== THE DATA ==
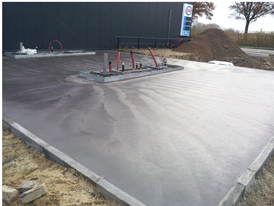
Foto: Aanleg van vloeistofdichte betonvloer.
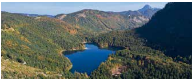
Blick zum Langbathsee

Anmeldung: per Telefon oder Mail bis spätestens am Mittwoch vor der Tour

==

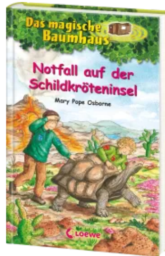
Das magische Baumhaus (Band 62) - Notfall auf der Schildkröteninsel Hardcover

== WORK INSTRUCTIONS ==
Using the listing above, reproduce word for word every line from the one containing "Foto: Aanleg van vloeistofdichte betonvloer." through the one containing "Anmeldung: per Telefon". Pictures must be left out.

== TASK RESPONSE ==
Foto: Aanleg van vloeistofdichte betonvloer.
Blick zum Langbathsee

Anmeldung: per Telefon oder Mail bis spätestens am Mittwoch vor der Tour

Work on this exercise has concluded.